Saturday, January 21, 2012

"You know how to sucker a guy in, don't you?"

The above still represents one of the more thrilling scenes I've witnessed in a long time. It's taken from ROUTINE PLEASURES, one of three components that make up Criterion/Eclipse's new Jean-Pierre Gorin set.
In it, the two fellas pictured take a brief moment to rhapsodize about a hot new LP entitled "A Decade of Steam, Volume Two." The LP is a collection of field recordings of trains in varied environments.

"It’s got the Challenger on there," says the man on the left. "Chassis 614, I believe it is. A couple of other, lesser engines."

"I’ve got a terrific one on the 614, going out of Cumberland, MD up the seventeen mile grade," retorts the man on the right. "They mounted the recorder right on the back of the tender. You sit there for about 45 minutes listening to it pound up the grade. It just really rocks the room."

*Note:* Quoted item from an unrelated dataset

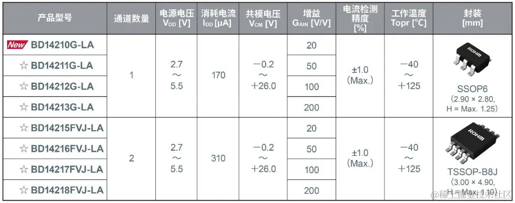 包括已开始量产的“BD14210G-LA”在内,ROHM计划逐步推进共8款新产品投入量产。产品阵容中包括2种通道数(1ch、2ch)和4种增益(20、50、100、200V/V)的产品。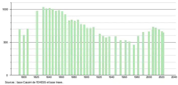 L'évolution du nombre d'habitants est connue à travers les recensements de la population effectués dans la commune depuis 1793. Pour les communes de moins de 10 000 habitants, une enquête de recensement portant sur toute la population est réalisée tous les cinq ans, les populations de référence des années intermédiaires étant quant à elles estimées par interpolation ou extrapolation[16]. Pour la commune, le premier recensement exhaustif entrant dans le cadre du nouveau dispositif a été réalisé en 2005[17].

Their speech is tempered with a reverent awe. Clearly, the recordings represent a numinous experience for both of them. Gorin follows the brief, passionate exchange with the obvious move -- playing one of the album cuts -- “A barking dog is silenced as a rushing merchandise freight speeds north through Vesuvius, Virginia with goods for New York and New England” -- over a black screen. The soundscape is overpowering and it's easy to see, for a moment, why the men are so enthralled.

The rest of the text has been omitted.